ABOUT THIS TASK: The required output is the exact text of the lines from the line containing "副校长马红亮宣读了《beat" through the final line below, inclusive, without pictures.

Items from a dataset:
▼

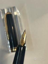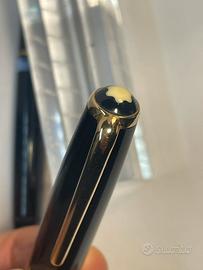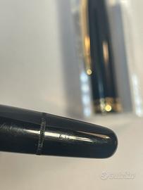 Stilografica Montblanc 254 in resina Black e finiture gold, anni ‘50 Germany. Pennino oro 585 F flex , sistema a pistone di coda, funzionante. Lunghezza cm. 13
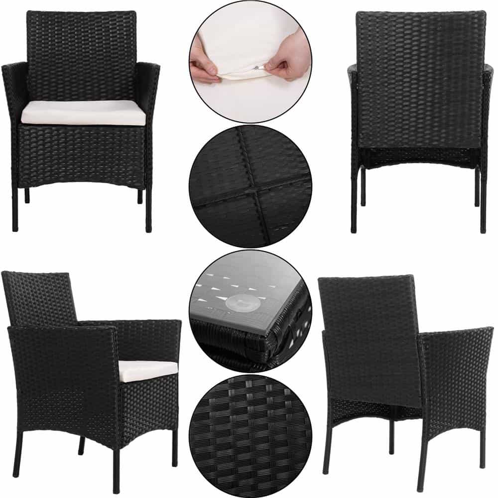 Culoare: negru Material: tehnorattan, sticla securizata, spuma poliester/PP Produse pentru auto-asamblare – instructiuni incluse Scaun: 82 x 58 x 50 cm Masa: 41 x 41 x 41,5 cm Acest set de gradina din 3 piese, cu perne este o completare excelenta pentru gradina si curtea dvs. De asemenea, este perfect potrivit ca set de mobilier pentru sufragerie. Setul de mobilier de gradina include o masa, doua scaune si doua perne confortabile. Setul de mobilier pentru balcon este realizat dintr-o constructie confortabila, dar solida. Are, de asemenea, un efect de ratan, ceea ce o face o piesa impresionanta si usor de intretinut pentru stilul dvs. de gradina. Mobilierul nostru de gradina este fabricat din materiale de cea mai buna calitate, ceea ce garanteaza durabilitatea si longevitatea lor. Datorita acestui fapt, ele sunt rezistente la lumina soarelui, la ploaie si la schimbarile de temperatura, ceea ce inseamna ca va pot servi timp de mai multe sezoane, pastrandu-si valorile estetice. Pernele incluse in set sunt umplute cu spuma moale. Toate au fete de perna cu fermoar, din poliester.Fetele de perna sunt impregnate si impermeabile, ceea ce ofera si o mare protectie impotriva petelor si murdariei!
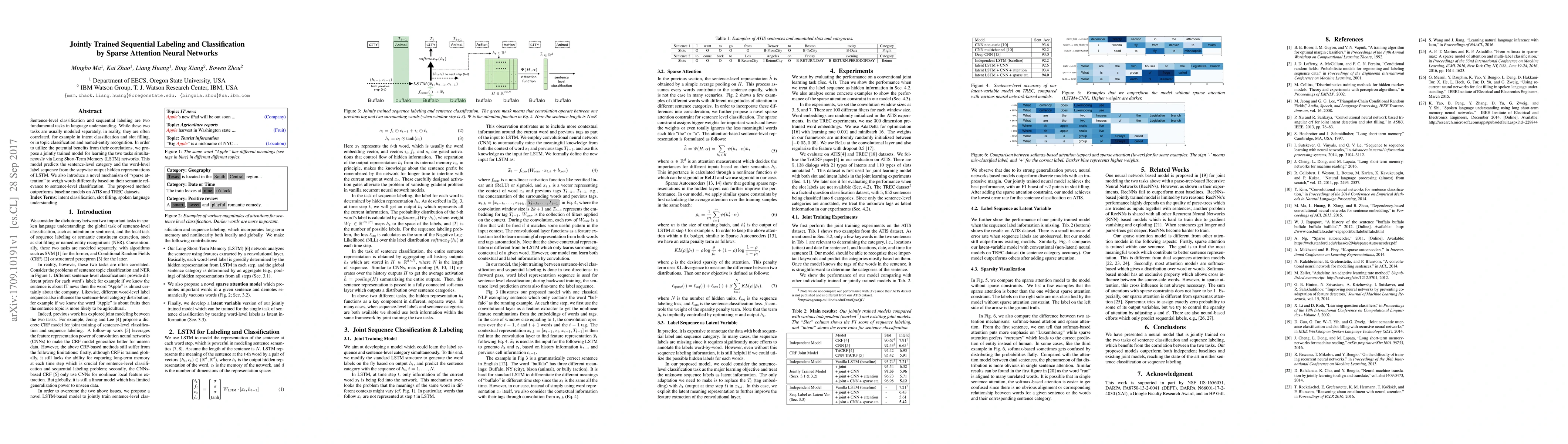 This paper proposes a jointly trained model using sparse attention neural networks to simultaneously perform sentence-level classification and sequential labeling tasks, leveraging correlations between them. The model utilizes LSTM networks and outperforms baselines on ATIS and TREC datasets.
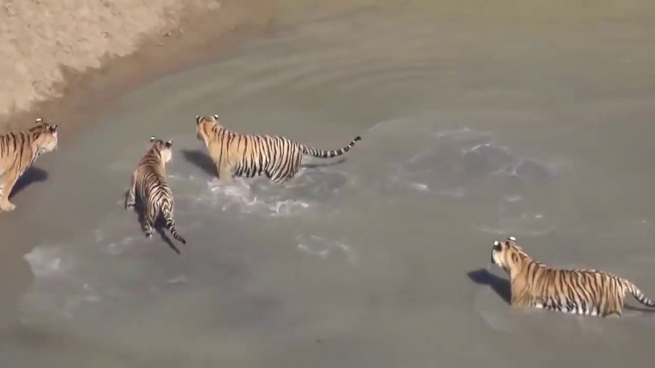 Në një hapësirë të vogël të mbushur me ujë shihen katër tigra siberianë që tentojnë të kapin një shotë të vogël që po lahej aty.
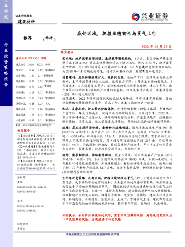 【兴业证券】【20220625】底部区域,把握业绩韧性与景气上行-42页
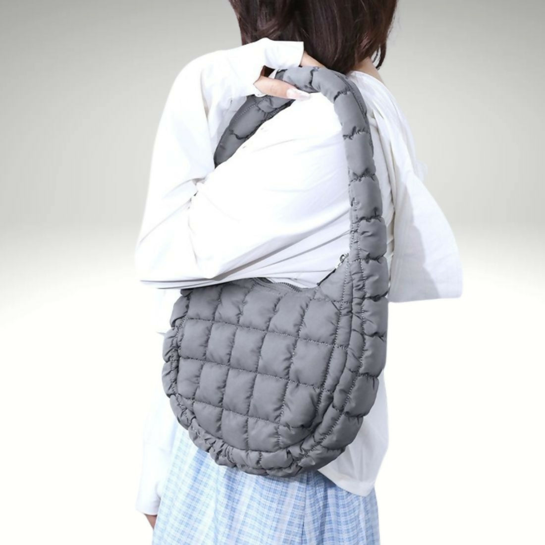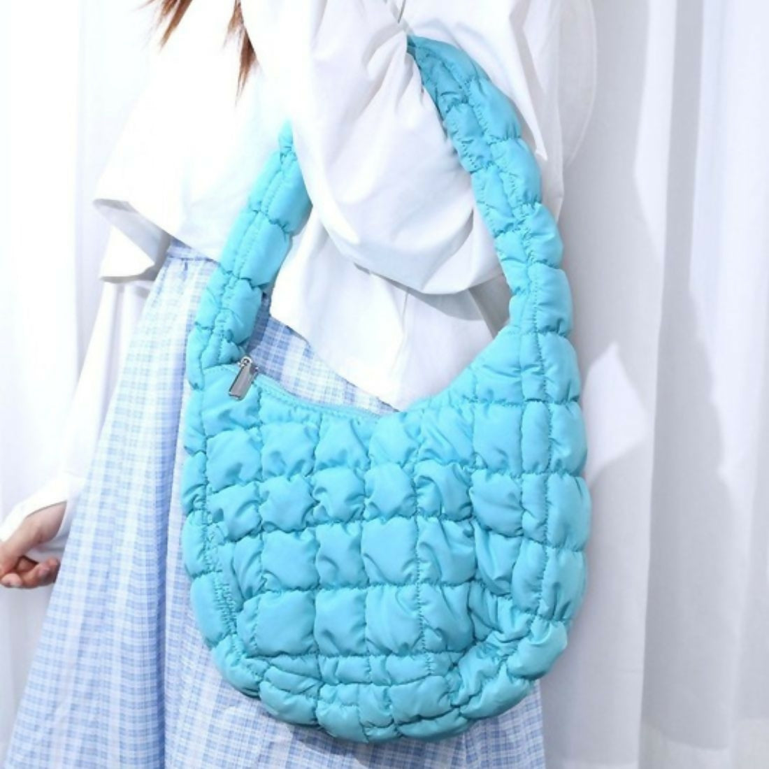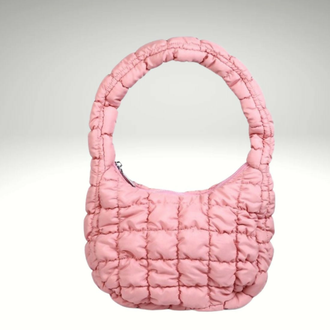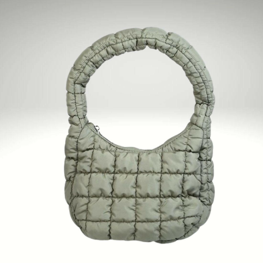 Adorable Mini Quilted bag. Grab this light weight bag on your way out the door. It's large enought to fit your essentials and small enough to be convenient! This is a premium quilted bag with matching coloring on the inside. There is a zipper at the top. Made of nylon for great cleanup.
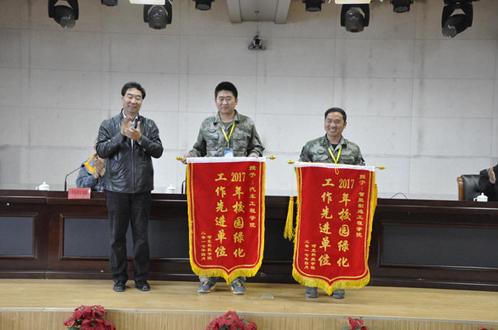 副校长马红亮宣读了《beat365关于表彰2017年绿化工作先进单位及个人的决定》。授予汽车工程学院等2个单位“绿化工作先进单位”称号,授予后勤处等4个单位“绿化工作先进组织单位”称号,授予吴少帅等186名同志“绿化工作先进个人”称号。校领导分别为受表彰的先进单位代表与先进个人代表颁奖。
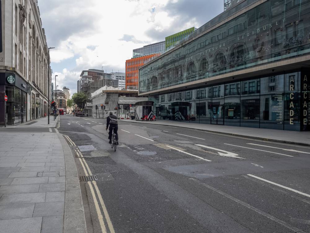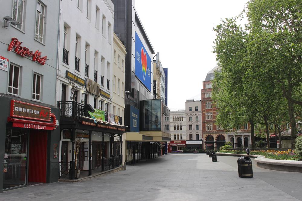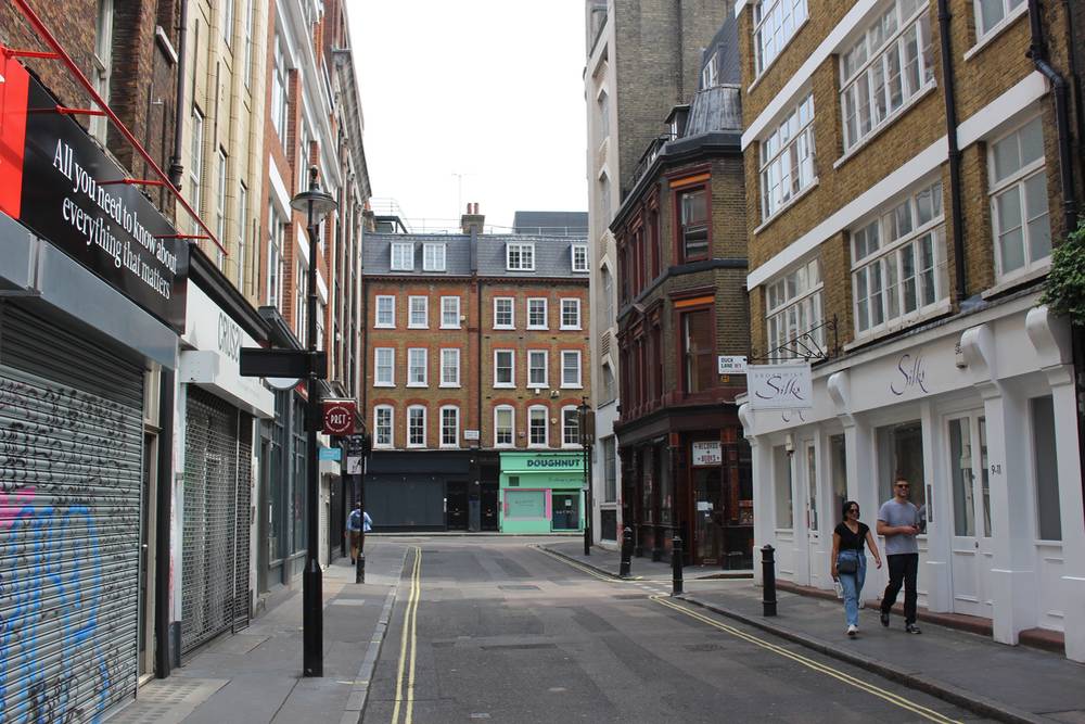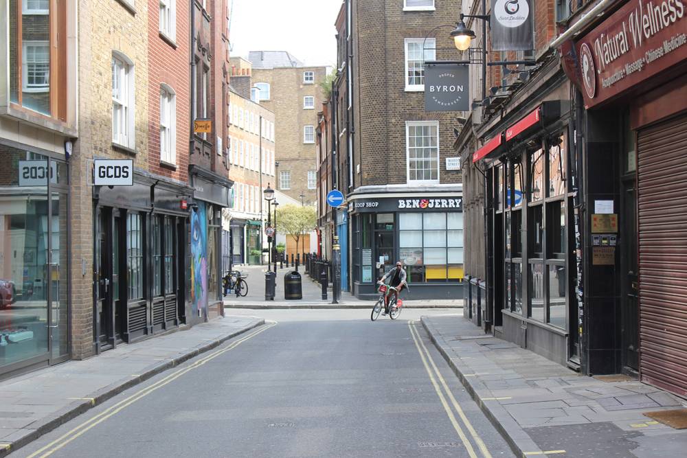 Obyvatelé Británie zažívají už osmý týden restrikcí. Původní plán ministerského předsedy Borise Johnsona nechat populaci promořit padl poté, co nemocnice přestaly zvládat počty nakažených. Snímek z jindy rušné Lexington Street z 8. května 2020.

▲

ANSWER BOX:
 副校长马红亮宣读了《beat365关于表彰2017年绿化工作先进单位及个人的决定》。授予汽车工程学院等2个单位“绿化工作先进单位”称号,授予后勤处等4个单位“绿化工作先进组织单位”称号,授予吴少帅等186名同志“绿化工作先进个人”称号。校领导分别为受表彰的先进单位代表与先进个人代表颁奖。
 Obyvatelé Británie zažívají už osmý týden restrikcí. Původní plán ministerského předsedy Borise Johnsona nechat populaci promořit padl poté, co nemocnice přestaly zvládat počty nakažených. Snímek z jindy rušné Lexington Street z 8. května 2020.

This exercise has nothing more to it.